This tutorial will help you set up and interpret a Durbin-Watson test to detect autocorrelation in Excel using the XLSTAT software.

Dataset for running the Durbin-Watson test

The data given by the link above have been obtained in Lewis T. and Taylor L.R. (1967). Introduction to Experimental Ecology, New York: Academic Press, Inc.. They concern 237 children, described by their gender, age in months, height in inches (1 inch = 2.54 cm), and weight in pounds (1 pound = 0.45 kg).

We have run a simple linear regression between the height and the weight to get the residuals.

Goal of this tutorial

Using Durbin-Watson test, we want to detect if the residuals from a linear regression are autocorrelated or not.

Setting up a Durbin-Watson test

After opening XLSTAT, select the **XLSTAT / Time / Durbin-Watson test command.

Once you've clicked on the button, the dialog box appears.

Select the data on the Excel sheet. In our case, the residuals are obtained via the linear regression between the height and the weight and the explanatory variable is the "Height".

As the column header was selected for the variables, the Variable labels option needs to be activated.

Durbin-Watson test data

On the Options tab, the user can set the significance level of the test and the order (number of lags). Here we choose to leave the default values.
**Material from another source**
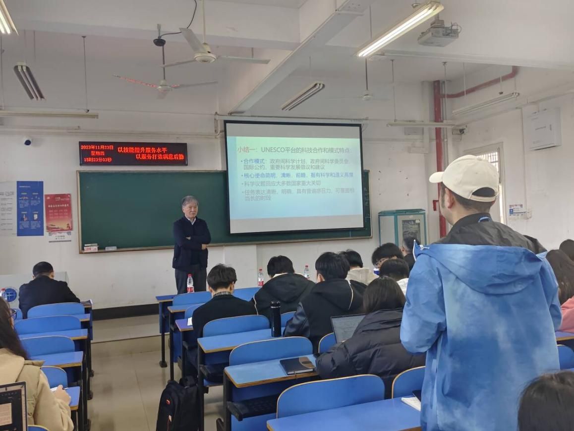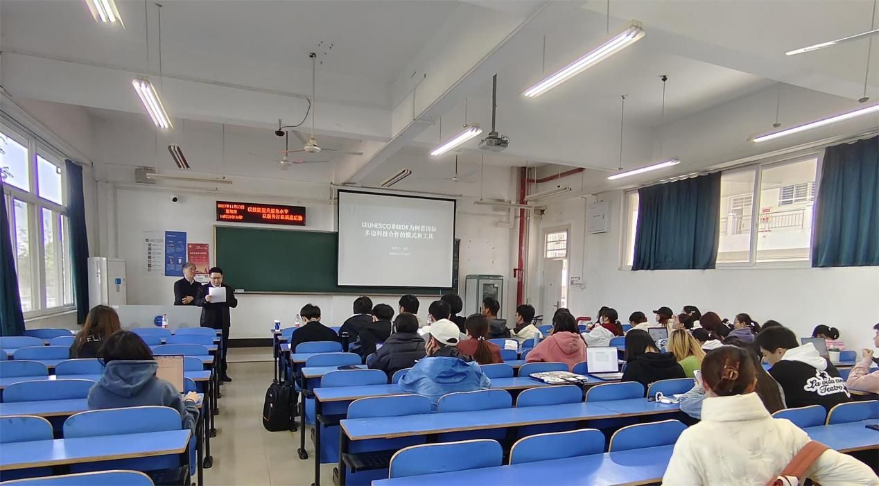 联合邀请,国际科学理事会(ISC)和联合国减灾办(UNDRR)联合发起的灾害风险研究(IRDR)国际计划办公室执行主任、中国可持续发展大数据国际研究中心特聘研究员韩群力来校讲座,并组织我校第二期“全球胜任力”人才培养工作坊。本次讲座主题为“以UNESCO和IRDR为例看国际多边科技合作的模式和工具”,学校教师代表以及部分博士生、硕士生、本科生在北区综合教学楼209聆听报告讲座。讲座由B体育官网

Durbin-Watson test significance level

The computations begin once you have clicked on OK. The results will then be displayed in a new sheet.

Interpreting the results

The first results displayed are the statistics for the residuals. Next the results of the Durbin-Watson test and a short interpretation are displayed.

Durbin-Watson test results

Since the p-value is greater than the significance level (5%), the null hypothesis cannot be rejected.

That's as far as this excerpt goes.